Thursday, April 11, 2013

Parents, Kids Need Your Help With Anxiety


IS your child behaving badly at home or school?
Is he/she waking up through the night?
Have you noticed new unusual habits like nail biting or bed wetting?
Has he/she become withdrawn or melancholy for no apparent reason?
The above symptoms point to anxiety, more commonly known as stress or worry.
Children, like adults, may develop anxiety for many reasons.
It may be a change in their environment or it could be a learned trait copied from a nervous parent.
Either way a child cannot be productive when they live with fear, and fear is the basis of anxiety.
A child may not be able to understand, or explain what it is that they are feeling.
Adults can generally pin point the reason for their anxiety but often knowing the reason is not enough to rid them self of the unpleasant feeling.
When an adult cannot rationalise a difficult issue enough to overcome their worry, how then can a child?
The fear behind anxiety is extremely debilitating and is based on a central underlying self-belief that one is inadequate; perhaps a feeling of helplessness or hopelessness around the worrying issue because of an inability to solve the problem, or deal with it effectively.
This type of fear, when left untreated, can manifest into a deep-seated distress.
The more one thinks about a problem but cannot solve it, the more one stresses, and so on.

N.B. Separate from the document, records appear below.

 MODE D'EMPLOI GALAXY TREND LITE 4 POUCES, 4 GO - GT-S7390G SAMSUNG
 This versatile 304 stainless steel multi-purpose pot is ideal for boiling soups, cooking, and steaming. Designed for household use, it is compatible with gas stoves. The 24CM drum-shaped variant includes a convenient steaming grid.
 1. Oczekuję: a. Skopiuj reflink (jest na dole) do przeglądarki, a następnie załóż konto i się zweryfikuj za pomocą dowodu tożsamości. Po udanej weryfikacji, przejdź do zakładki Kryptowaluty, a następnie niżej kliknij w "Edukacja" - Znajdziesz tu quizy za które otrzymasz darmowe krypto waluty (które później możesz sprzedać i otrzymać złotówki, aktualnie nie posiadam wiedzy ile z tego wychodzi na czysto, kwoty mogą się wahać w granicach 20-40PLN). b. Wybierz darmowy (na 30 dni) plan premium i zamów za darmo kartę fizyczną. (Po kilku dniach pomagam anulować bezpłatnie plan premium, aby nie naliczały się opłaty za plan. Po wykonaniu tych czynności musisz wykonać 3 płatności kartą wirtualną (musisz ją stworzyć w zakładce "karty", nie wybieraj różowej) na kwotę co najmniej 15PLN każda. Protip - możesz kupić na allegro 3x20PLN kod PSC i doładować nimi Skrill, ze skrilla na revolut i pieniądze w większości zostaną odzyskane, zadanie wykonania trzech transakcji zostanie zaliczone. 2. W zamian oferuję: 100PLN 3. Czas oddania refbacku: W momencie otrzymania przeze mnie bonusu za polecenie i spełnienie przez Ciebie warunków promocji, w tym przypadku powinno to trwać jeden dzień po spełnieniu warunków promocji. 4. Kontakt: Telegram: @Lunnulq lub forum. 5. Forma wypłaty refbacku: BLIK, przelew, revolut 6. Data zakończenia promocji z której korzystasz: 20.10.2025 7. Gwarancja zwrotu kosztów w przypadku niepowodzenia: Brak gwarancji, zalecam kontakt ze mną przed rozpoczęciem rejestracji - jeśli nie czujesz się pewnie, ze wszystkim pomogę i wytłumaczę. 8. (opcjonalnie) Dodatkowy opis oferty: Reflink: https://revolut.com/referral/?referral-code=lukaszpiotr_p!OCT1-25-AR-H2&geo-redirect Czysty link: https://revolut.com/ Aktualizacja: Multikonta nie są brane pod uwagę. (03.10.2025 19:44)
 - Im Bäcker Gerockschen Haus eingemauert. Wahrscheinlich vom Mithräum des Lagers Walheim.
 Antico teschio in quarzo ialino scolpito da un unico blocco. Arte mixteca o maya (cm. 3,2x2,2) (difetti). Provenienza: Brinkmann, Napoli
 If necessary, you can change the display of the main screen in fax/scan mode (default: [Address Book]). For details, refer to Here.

The situation can often be made worse by imagining that every aspect of one's life is so problematic that it cannot be fixed.

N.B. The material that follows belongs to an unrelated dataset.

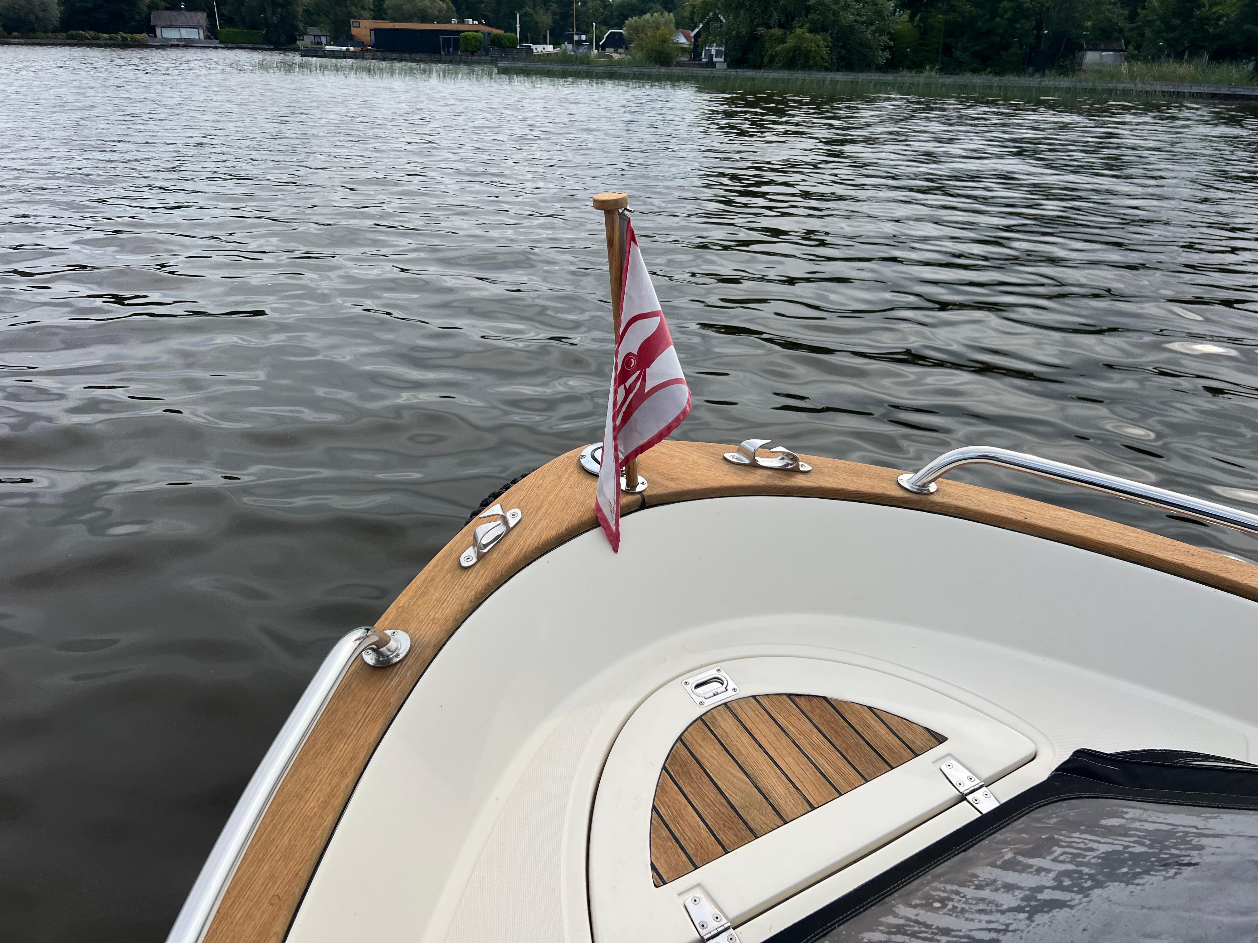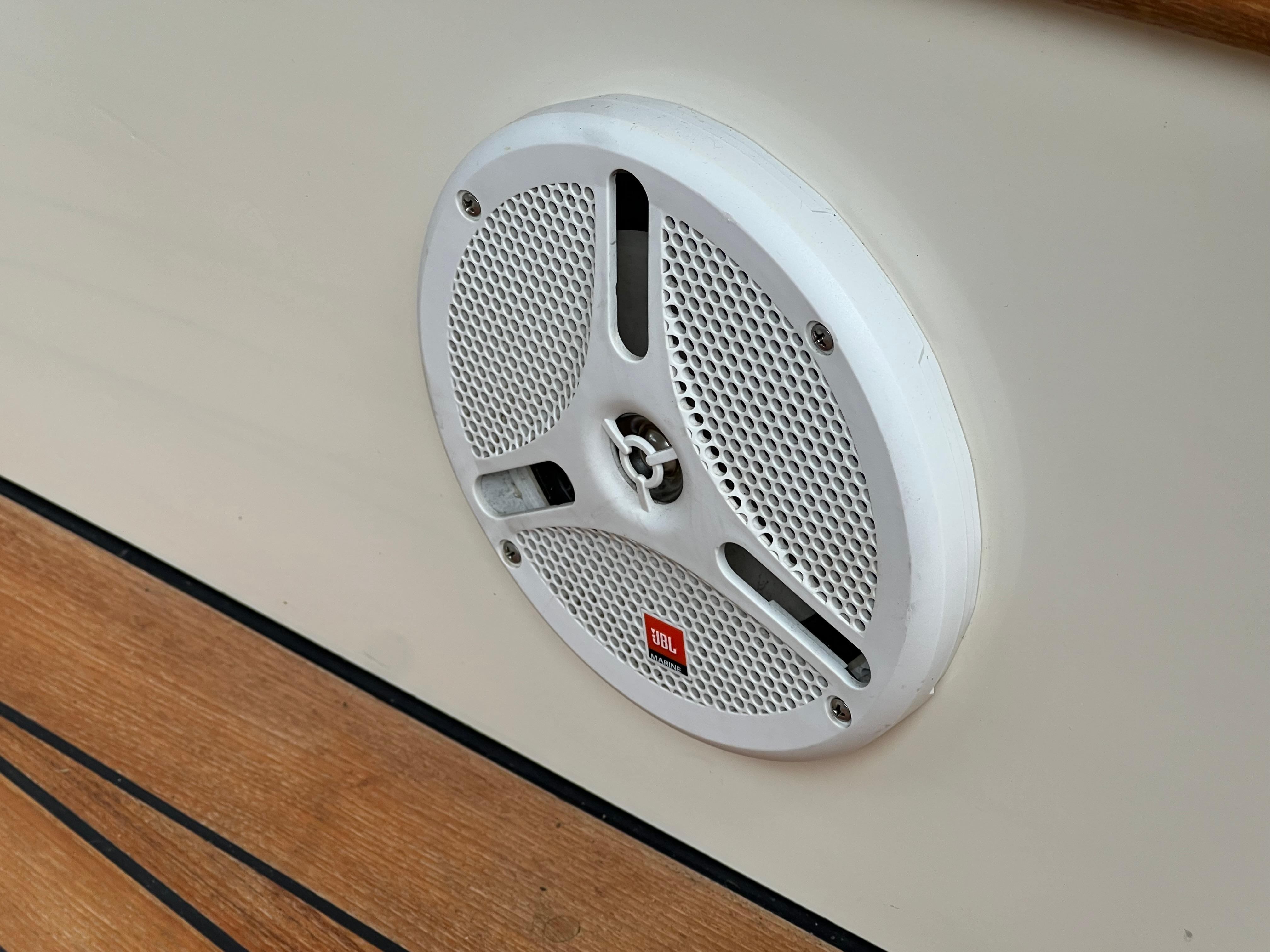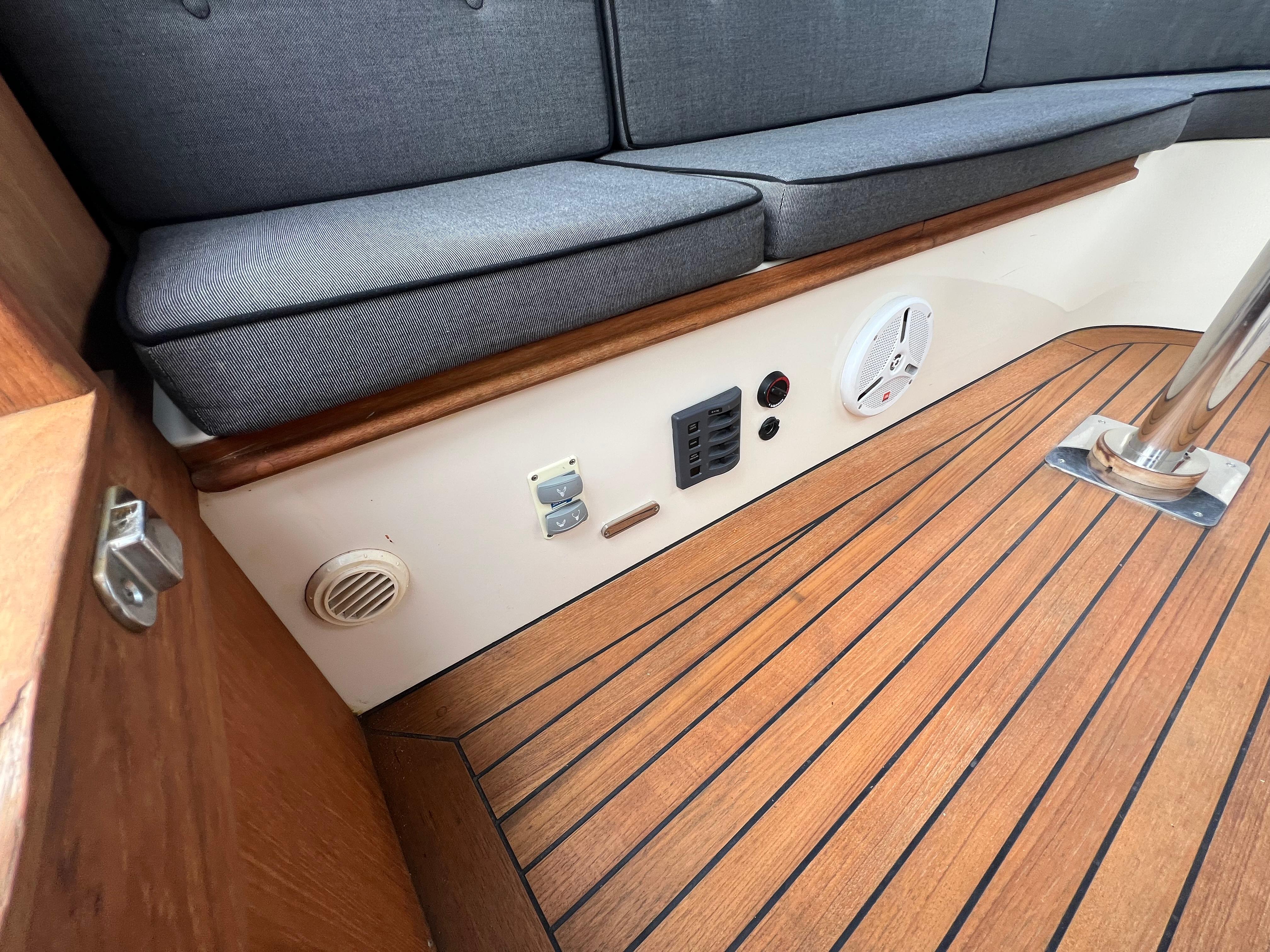 De sloep is voorzien van een luxe complete kussenset met zonnedek, buiskap, biminitop, boegschroef, koelkast, kuiptafel, toilet, radio- en audioinstallatie, dieptemeter, snelheidsmeter, wasbak, kuipverlichting, zwemplateau met zwemtrap, bekerhouders, zoeklicht, anker, fenders en lijnen.
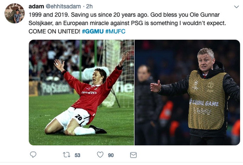 Ole Gunnar Solskjaer pun dipuji fans MU usai merancang kebangkitan di markas PSG. Mirip-mirip seperti dirinya, semasa masih bermain, ikut terlibat dalam kebangkitan MU menjuarai Liga Champions 1999. (Foto: Internet/Twitter)

This is how life can appear to someone whose anxiety has become an illness.
As an adult we might know intrinsically that we feel better when we exercise, or talk to someone, or diarise the problem, or meditate or play a musical instrument.
If you are the parent of a child showing symptoms of anxiety it is imperative that you find a way to help your child.
If you cannot achieve this alone, and the child's uncharacteristic behaviour continues, you owe it to them to seek professional help.
The longer you leave it the tougher it will be for your child to cope.